_EXERCISE OBJECTIVE:_
Repeat the listing exactly. Pictures stay out of your copy.

_PROVIDED MATERIAL:_
_ _ _ _ _ _ _

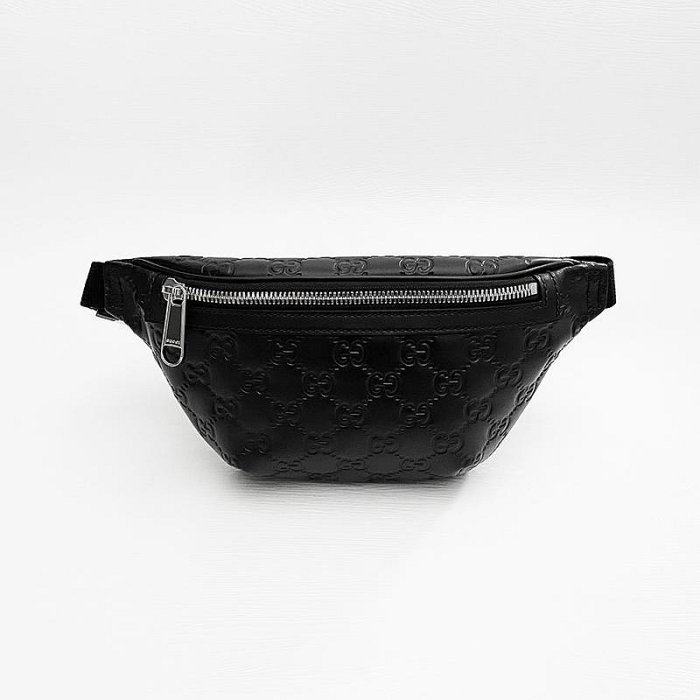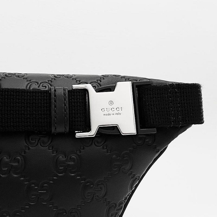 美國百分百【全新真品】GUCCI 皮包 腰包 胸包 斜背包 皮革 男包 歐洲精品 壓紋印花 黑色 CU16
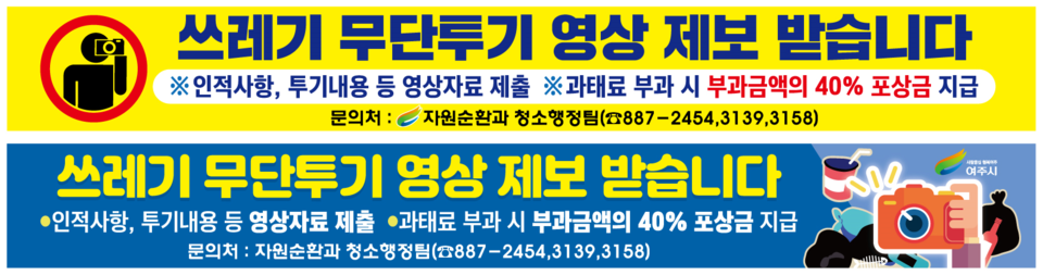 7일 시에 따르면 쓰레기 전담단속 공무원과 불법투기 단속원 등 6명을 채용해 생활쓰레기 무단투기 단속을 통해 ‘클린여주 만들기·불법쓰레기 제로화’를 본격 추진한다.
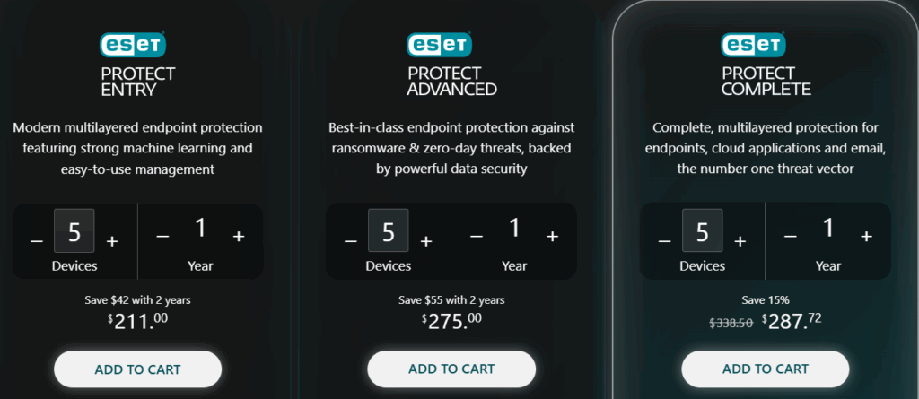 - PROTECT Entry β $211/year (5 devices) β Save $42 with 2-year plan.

_ _ _ _ _ _ _

_RESPONSE:_
 美國百分百【全新真品】GUCCI 皮包 腰包 胸包 斜背包 皮革 男包 歐洲精品 壓紋印花 黑色 CU16
 7일 시에 따르면 쓰레기 전담단속 공무원과 불법투기 단속원 등 6명을 채용해 생활쓰레기 무단투기 단속을 통해 ‘클린여주 만들기·불법쓰레기 제로화’를 본격 추진한다.
 - PROTECT Entry β $211/year (5 devices) β Save $42 with 2-year plan.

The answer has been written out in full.